Jason Ackerman and Joe Fedele, the co-founders of FreshDirect, which operates a vast wearhouse and distribution center in Long Island City.Photo: Michael Edwards

Howie Glickberg insists that he was misquoted. Sure. Every reporter knows the routine: The subject of a story says something mildly controversial, is embarrassed when the words appear in print, then blames the messenger. Glickberg, a co-owner of the legendary Fairway Market, is disputing the media’s rendering of his past statements about Joe Fedele, a former partner. Fedele’s bitter exit from Fairway led to the launch, twenty months ago, of FreshDirect, the online grocery store that’s fighting Fairway for customers. “What’s that orange newspaper?” Glickberg asks. “Last summer they quoted me saying, ‘I’ll only be happy if he dies.’ No! That’s not what I said! I was misquoted!”

Here it comes: the denial. The profession of deep admiration for a worthy adversary. Or maybe the rationalization that Glickberg meant the line as a joke and the reporter had no sense of humor. “What I really said,” Glickberg says, “is that when Joe Fedele dies, I’ll be the first in line to piss on his grave. And there will be a long line of people behind me.”

Oh. Always happy to set the record straight.

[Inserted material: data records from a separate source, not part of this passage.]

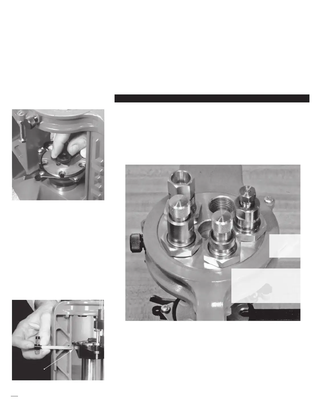 • Carbide pistol dies should be installed so they just touch the shell plate.
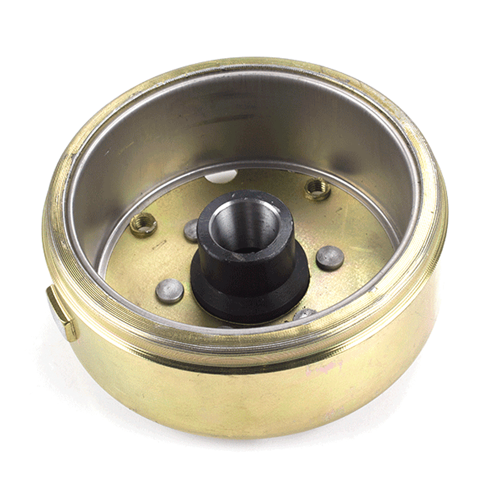 The flywheel in a motorcycle stores rotational energy from the engine, helping to smooth out power delivery and maintain consistent engine performance by reducing fluctuations in engine speed.
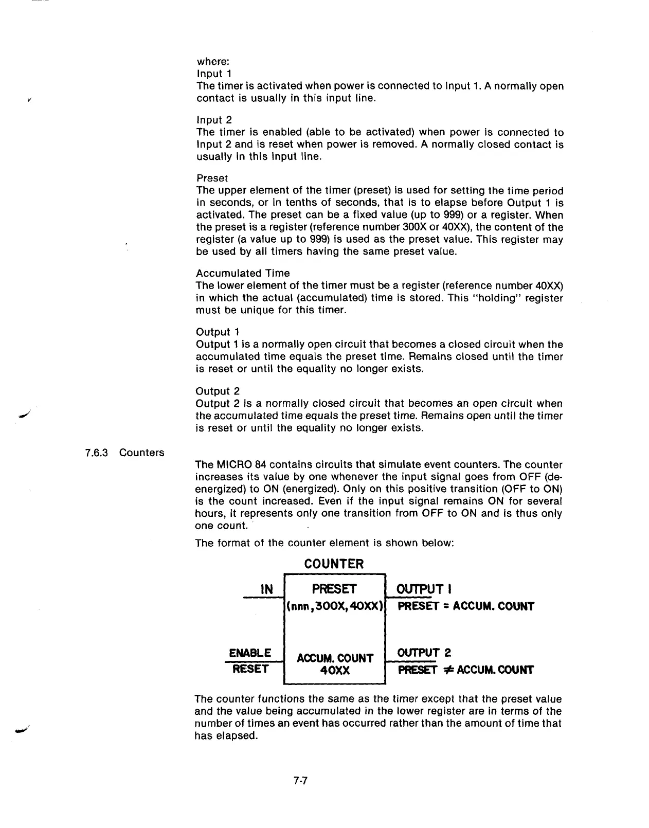 The MICRO 84 contains circuits that simulate event counters. The counter
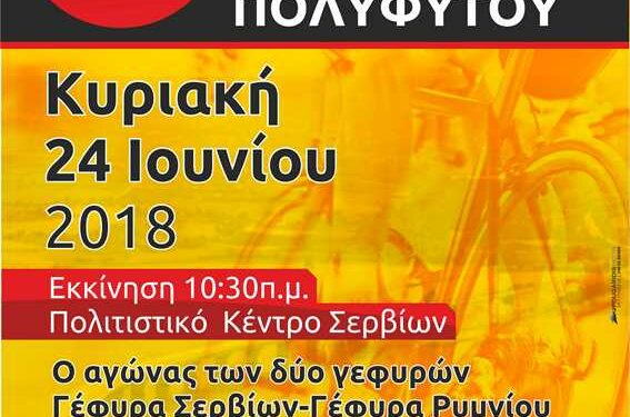 Αναβάλλεται η διεξαγωγή του ποδηλατικού γύρου της Λίμνης πολυφύτου, για την επόμενη Κυριακή 1η Ιουλίου, λόγω των προβλεπόμενων δυσμενών καιρικών συνθηκών που θα επικρατούν στην περιοχή μας.

Fedele, for his part, is taking the high road. Sort of. “If I had respect for him, it would sting. But I don’t,” he says. “You can’t get deterred by stupidity. And everything that guy has said is a rap of shit.”

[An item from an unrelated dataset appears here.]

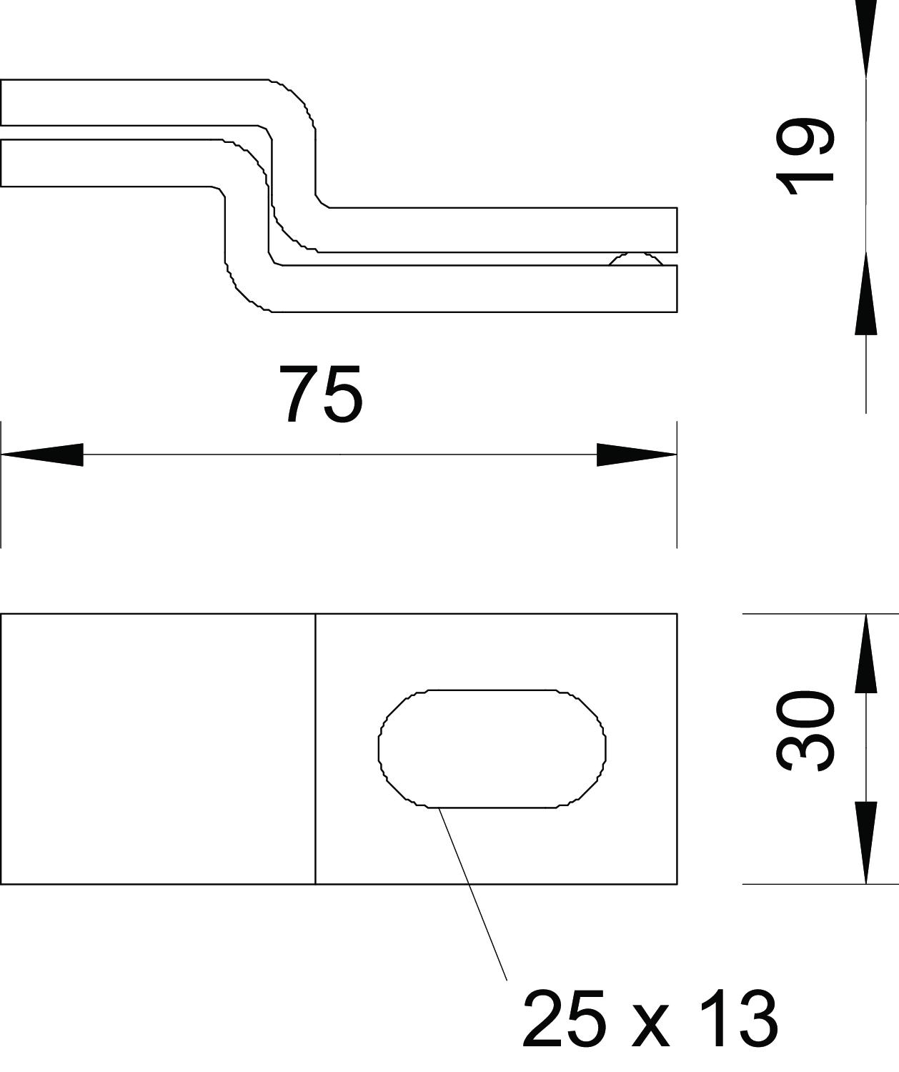 Altura 19 mm Comprimento 75 mm Cor zinco Largura 30 mm Material Aço Pegada de CO2 (GWP) do berço ao portão 0,4222 kg CO2e / 1 Peça Superfície Galvanizado por imersão a quente após maquinação - Todos os tipos

Two fierce rivals go after the same turf. Tempers flare. Names are called; sometimes even bad language is heard. On Wall Street, in politics, at the ballpark, it’s no big deal. In New York’s grocery industry, though, where the heat is usually limited to the habaneros and the high-end purveyors consider themselves members of a small, sophisticated club, the raw hatred between the owners of Fairway and FreshDirect is unusual. “In our business, everyone’s fairly friendly,” says Andy Arons, a co-owner of Gourmet Garage. “And we’ve all been at it for a while. Now you have this blood feud. They loathe each other. It’s hilarious.”

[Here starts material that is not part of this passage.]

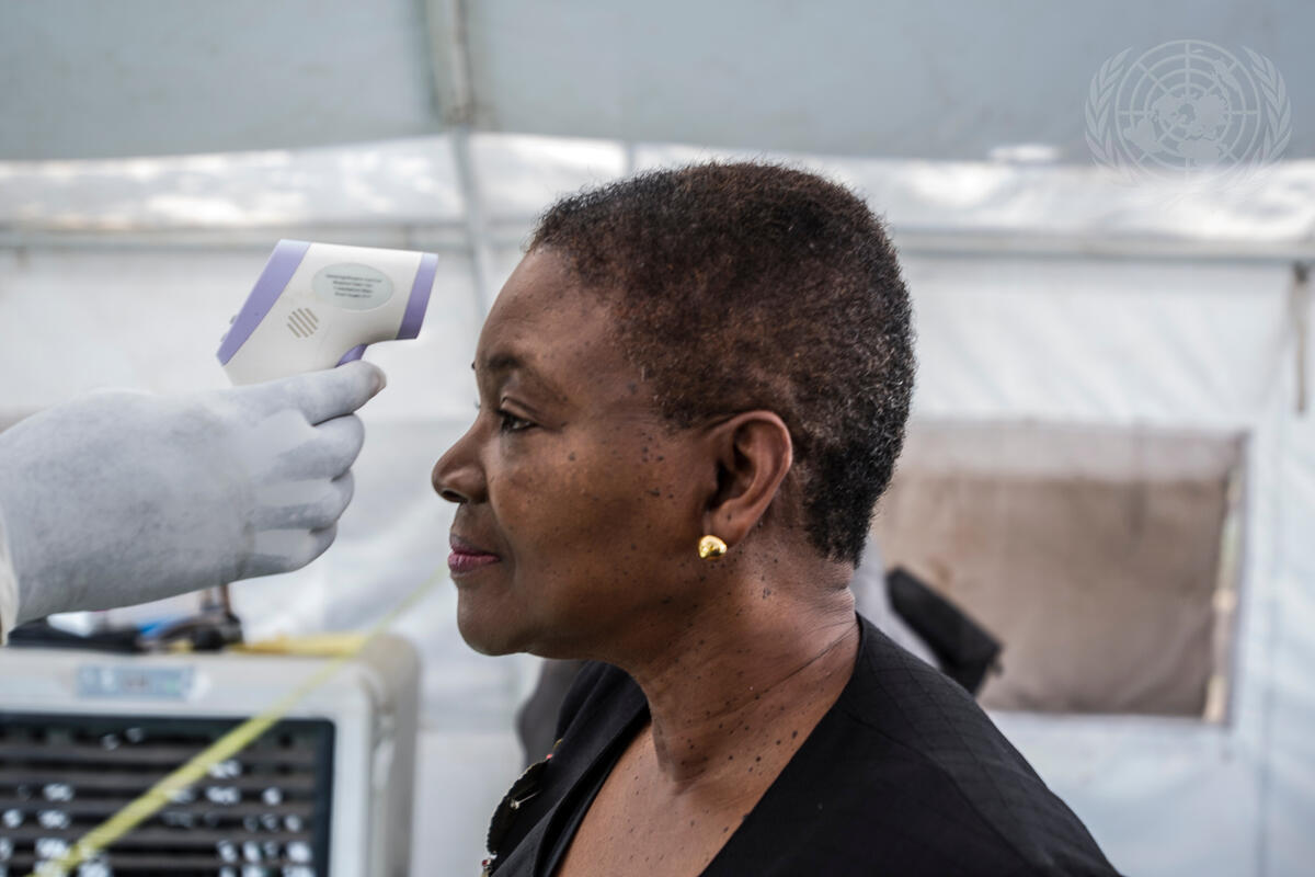 Valerie Amos, Under-Secretary-General for Humanitarian Affairs and Emergency Relief Coordinator, has her temperature checked on arrival to Juba, South Sudan.

But Arons and his colleagues, the owners of small, independent fresh-food stores, watch the dispute with anxiety as well as amusement. Because while there’s a substantial amount of purely personal contempt between Glickberg and Fedele, the tension between Fairway and FreshDirect is really a by-product of the revolution in the way the city shops for food. For years, dowdy places like Sloan’s and Associated failed to keep pace with the clean, bright supermarkets sprouting up outside the city; now they’re finally being forced to modernize. Nobody’s complaining about that. Bill Buford, the New Yorker writer who is completing a book about working as an apprentice in Mario Batali’s kitchen, buys his beef at the Florence Meat Market, his quail from BoBo Poultry in Chinatown, and his whole pigs from the Violet Hill Farms vendor in the Union Square Greenmarket. “The virtue of being in a city like New York is that it’s a market city, and you can get the best of anything,” Buford says. “The supermarkets here are constrained by space and by the unspoken understanding that the only people who go there are losers.”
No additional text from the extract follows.